Key Takeaways:
*Dollar sentiment remains fragile as Fed independence concerns and political risks overshadow safe-haven demand.
*Markets are pricing in an 83% probability of a September rate cut, fueling volatility in both yields and FX.
*Gold benefits from defensive flows and dovish policy expectations, consolidating near multi-week highs as investors hedge against inflation and political uncertainty.
Market Summary:
The U.S. Dollar Index (DXY) traded with a fragile tone as political turmoil surrounding the Federal Reserve continued to weigh on sentiment. President Trump’s attempt to dismiss Fed Governor Lisa Cook has raised doubts over the Fed’s independence, unsettling markets and undermining confidence in the dollar’s longer-term credibility as a reserve asset. While some safe-haven demand has offered temporary support, investors are increasingly wary of political interference shaping U.S. monetary policy.
At the same time, expectations of Fed easing have been a key driver across assets. Markets are pricing in an 83% chance of a September rate cut, reflecting concerns that risks to the labor market now outweigh persistent inflation pressures. This dovish tilt has pressured short-term Treasury yields lower while leaving long-end yields relatively elevated, highlighting fears that politically driven rate cuts could stoke inflation. The uncertainty has kept volatility high for the dollar, with traders cautious ahead of Friday’s core PCE release.
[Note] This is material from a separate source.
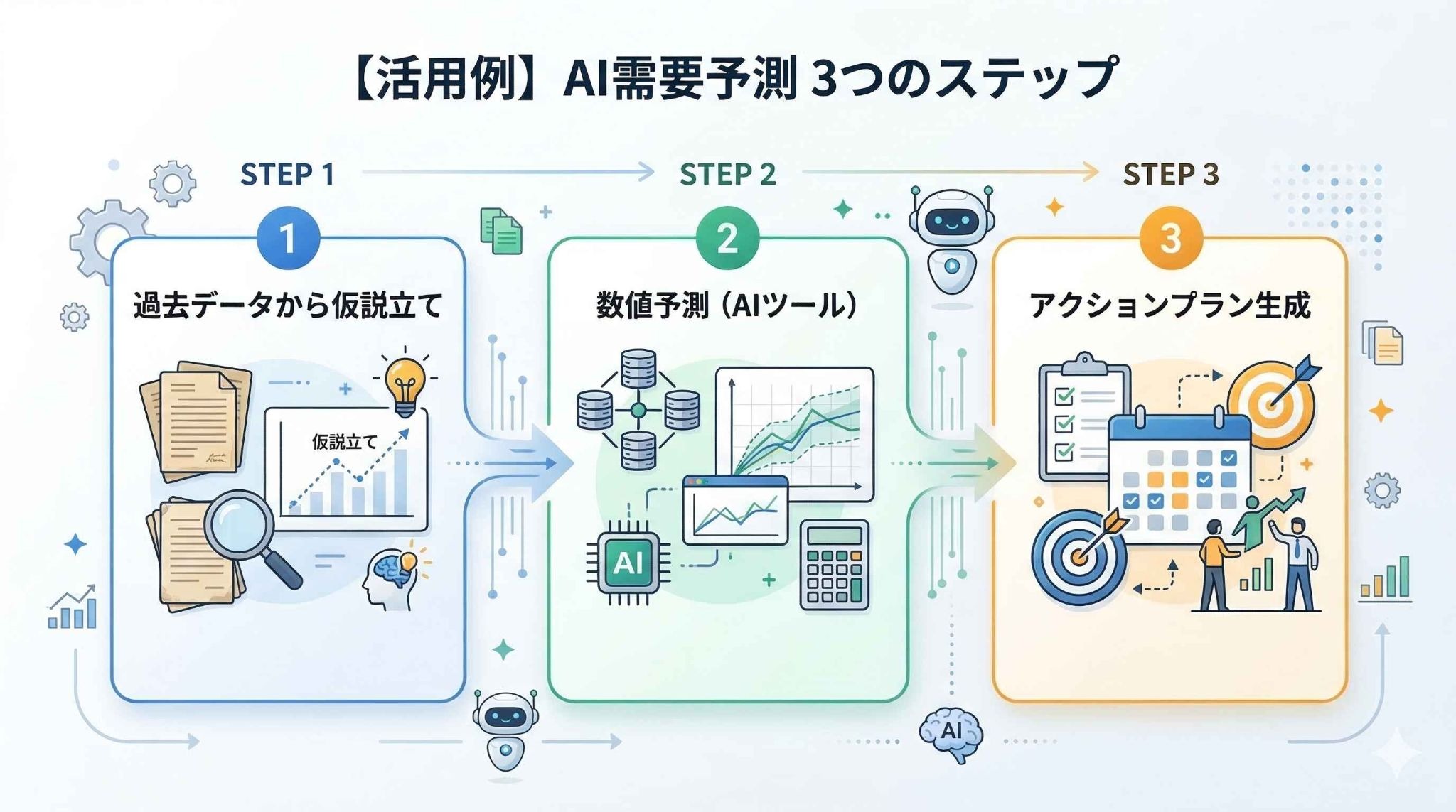 生成AIを実務に組み込む際、予測AIと連携させることでその真価を発揮します。ここでは、生成AIを需要予測の「 前処理 」や「施策の具体化」に活用する、一般的なステップをご紹介します。

Against this backdrop, gold has strengthened, consolidating near multi-week highs as investors seek safety from institutional and political risks. The metal has benefited from both falling yields and defensive flows, with ETF holdings continuing to climb. Traders view gold as not just an inflation hedge but also a shield against political instability, a dynamic underscored by its ability to hold firm despite occasional dollar rebounds. In the near term, the interplay between inflation data, Fed credibility, and market expectations of policy easing will define the trajectory of both the dollar and gold, leaving the two assets tightly intertwined.
U.S. Dollar Index (DXY) is trading near 98.40 after rebounding from the 97.75 support zone, with price regaining ground above the 20-period moving average. The 50-period MA around 98.20 is acting as an immediate pivot level, while resistance is seen at 99.05, followed by the higher barrier at 100.15.
Momentum indicators suggest a slight bullish bias. The Relative Strength Index (RSI) has climbed to 56, showing improving momentum but still below overbought territory. The MACD is inching higher in positive territory, with a mild bullish crossover hinting at strengthening upside pressure.
On the upside, a decisive close above 99.05 would pave the way for a test of the 100.15 resistance zone. On the downside, a failure to hold 98.15 would expose the 97.75 floor, with a break lower opening the path toward 97.10.
Resistance levels: 99.05, 100.15
Support levels: 98.30, 97.75
Gold (XAU/USD) is trading near $3,378 after rebounding from the $3,352 support zone, keeping price above both the 20- and 50-period moving averages. The recovery faces resistance at $3,400, followed by the next upside barrier at $3,435, while immediate support rests at $3,350.
Momentum indicators maintain a constructive bias. The Relative Strength Index (RSI) is holding near 64, signaling firm bullish momentum while edging closer to overbought territory. The MACD remains in positive territory with a widening bullish spread, reinforcing the upside outlook.
On the upside, a sustained break above $3,400 would open the door for a retest of $3,435, with scope for extensions if momentum persists. On the downside, a close below $3,350 would weaken the bullish setup and expose $3,320, with deeper losses possible toward $3,280 if selling pressure accelerates.